We connoisseurs of the diplomatic public speaking art are fortunate to have one example of a high-profile public speaking occasion where everything that could possibly go wrong did indeed go wrong. If you are working at an Embassy or in a Foreign Minister’s office and are looking for a model for how not do it, seek no further.
We are in Sarajevo in late 1997, two years after the Dayton Peace Accords, at the Holiday Inn. During the Bosnian war this hotel had been an iconic object of attack for the Bosnian Serbs besieging the city. It had been built for the 1984 Sarajevo Winter Olympic games, a splendid example of high communist kitsch with a bright yellow facade and gruesome purple furnishings. By late 1997 those aesthetic glories of Yugoslav socialist self-management are being meticulously restored.
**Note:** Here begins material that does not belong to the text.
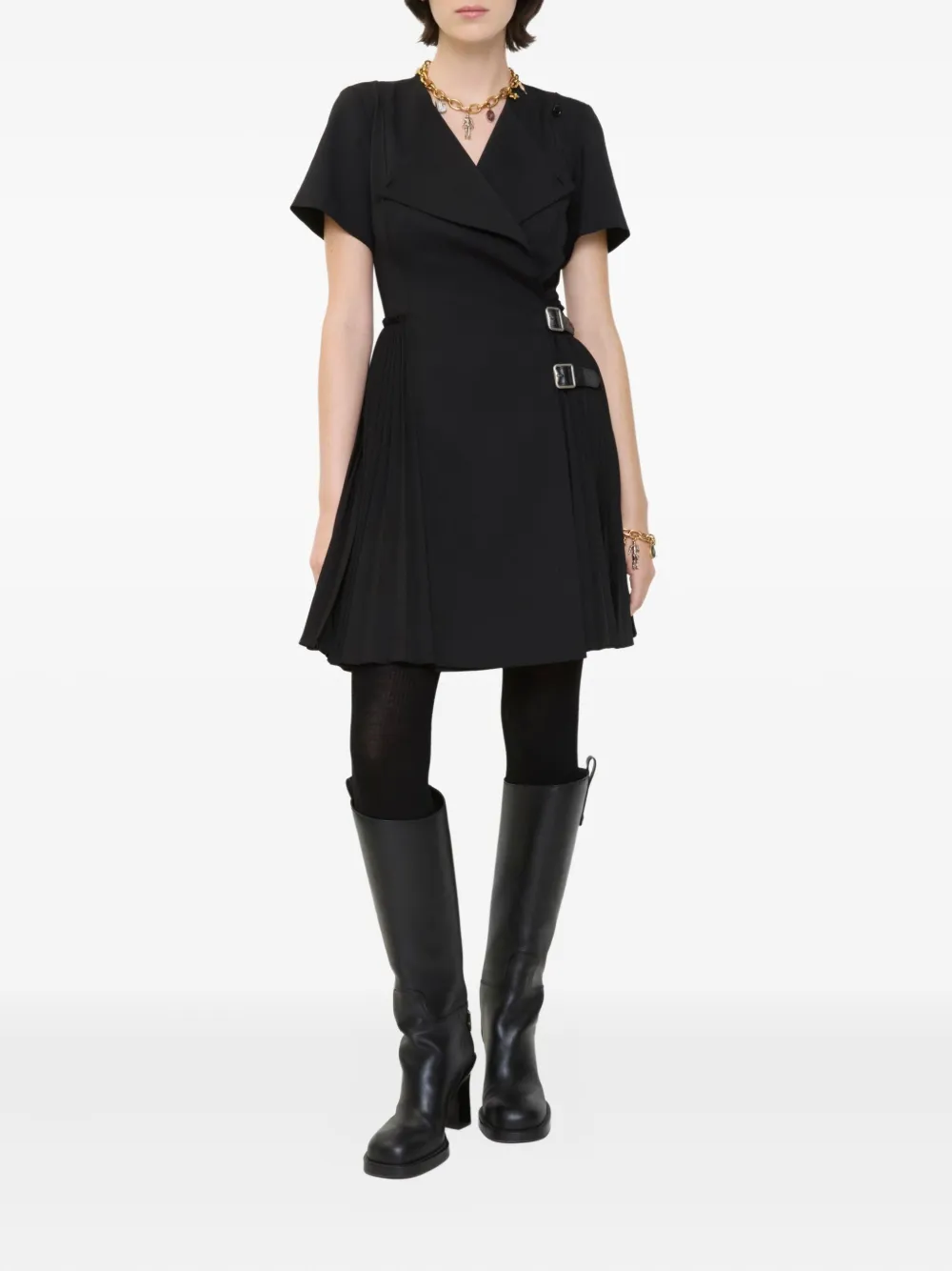 Черная плиссированная юбка с эффектом запаха, короткими рукавами, кожаными пряжками и застежкой на пуговицы

Several hundred senior Bosnian figures are gathered in the main hotel reception room, waiting for the two guest speakers. France’s Foreign Minister Hubert Védrine and Germany’s Foreign Minister Klaus Kinkel are paying a joint visit to Bosnia and Herzegovina. They want to use this occasion publicly to urge Bosnian leaders to set aside their vexing political differences and unite to rebuild the country, using generous support provided by the European Union. Forsooth, the very fact of their visit together symbolises reconciliation and partnership in modern Europe. If France and Germany can settle their historic differences, so can the Bosnians, Serbs, and Croats of Bosnia.
What can go wrong? Everything.
The audience assembles in good time for the arrival. Everyone is standing up. Drinks are served. Noisy, good-humoured conversation gathers pace.
The two speakers arrive. A more or less respectful silence descends. Minister Védrine is introduced and starts to speak in French. He has a microphone, but if there is a podium it is not especially pronounced. It is a large bland room, difficult for the speaker to dominate.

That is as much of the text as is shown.